Here, `bhanu` would be the docker hub username and `scrapewave` is the name of the image.

You can push the image to your docker hub using the following command.

*Make sure you are logged in your dokcer hub account.*

```bash
dokcer push bhanu/scrapewave:latest
```

Once it is done, go to the server using ssh and install two software, docker and Nginx.

* To install Docker follow the steps here:
    

[https://www.digitalocean.com/community/questions/how-to-install-and-run-docker-on-digitalocean-dorplet](https://www.digitalocean.com/community/questions/how-to-install-and-run-docker-on-digitalocean-dorplet)

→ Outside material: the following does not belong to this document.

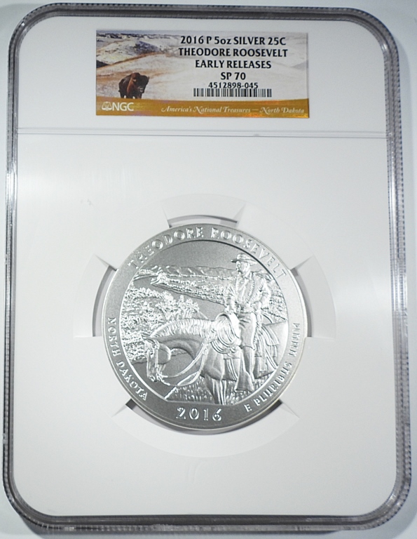 NORTH DAKOTA. EARLY RELEASES. ATB 5oz .999 SILVER QUARTER

* To install Nginx follow the steps here:
    

[https://www.digitalocean.com/community/tutorials/how-to-install-nginx-on-ubuntu-18-04](https://www.digitalocean.com/community/tutorials/how-to-install-nginx-on-ubuntu-18-04)

Once you have successfully installed both,

You can use `docker run -dit --name <instance-name> -p <port>:3000 krenovate/data-validator:latest` to create a container.

For eg.

```bash
docker run -dit -v instance-1:/usr/src/app/db --name instance-1 -p 8080:3000 --restart on-failure bhanu/scrapewave:latest
```

This command does quite a few things:

1. Creates a container using `latest` tag of `bhanu/scrapewave`
    
2. Mounts the SQlite database in your host filesystem, ensuring even if you recreate the the container with `instance-1` volume your data would still be persistent.
    
3. For any scenario if the container exists, it will try to restart the container so that your scraping doesn't stop.
    

I plan to keep on improving this project so that it helps me and other folks to use it as the base to get up and running with there scraping task.

Feel free to raise issues if you see anything which is broken - [https://github.com/git-bhanu/scrapewave/issues](https://github.com/git-bhanu/scrapewave/issues)

Also any kind of contribution is appreciated.